**Requirement**:
Using the material that follows, output exactly the lines from the one containing "COR DE REE (°1960)" through the one containing "atelier ontstaan later", with both ends kept.

**Exercise materials**:
· · ·

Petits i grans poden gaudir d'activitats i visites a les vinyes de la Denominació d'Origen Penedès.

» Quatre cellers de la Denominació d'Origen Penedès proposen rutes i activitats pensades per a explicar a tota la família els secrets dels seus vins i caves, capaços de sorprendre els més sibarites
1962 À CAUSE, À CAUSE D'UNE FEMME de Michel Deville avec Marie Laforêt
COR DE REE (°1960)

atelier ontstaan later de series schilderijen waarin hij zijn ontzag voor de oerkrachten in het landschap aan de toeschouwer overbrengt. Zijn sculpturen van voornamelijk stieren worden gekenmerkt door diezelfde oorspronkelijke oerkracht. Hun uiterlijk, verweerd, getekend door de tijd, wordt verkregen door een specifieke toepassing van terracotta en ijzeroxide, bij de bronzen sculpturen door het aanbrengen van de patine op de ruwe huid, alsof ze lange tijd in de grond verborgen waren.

· · ·

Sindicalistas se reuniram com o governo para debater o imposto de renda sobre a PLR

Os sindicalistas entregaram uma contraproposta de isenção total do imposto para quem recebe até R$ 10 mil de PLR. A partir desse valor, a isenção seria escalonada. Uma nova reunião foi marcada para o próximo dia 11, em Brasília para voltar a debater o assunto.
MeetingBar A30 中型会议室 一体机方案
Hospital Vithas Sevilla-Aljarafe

· · ·

**Task solution**:
COR DE REE (°1960)

atelier ontstaan later de series schilderijen waarin hij zijn ontzag voor de oerkrachten in het landschap aan de toeschouwer overbrengt. Zijn sculpturen van voornamelijk stieren worden gekenmerkt door diezelfde oorspronkelijke oerkracht. Hun uiterlijk, verweerd, getekend door de tijd, wordt verkregen door een specifieke toepassing van terracotta en ijzeroxide, bij de bronzen sculpturen door het aanbrengen van de patine op de ruwe huid, alsof ze lange tijd in de grond verborgen waren.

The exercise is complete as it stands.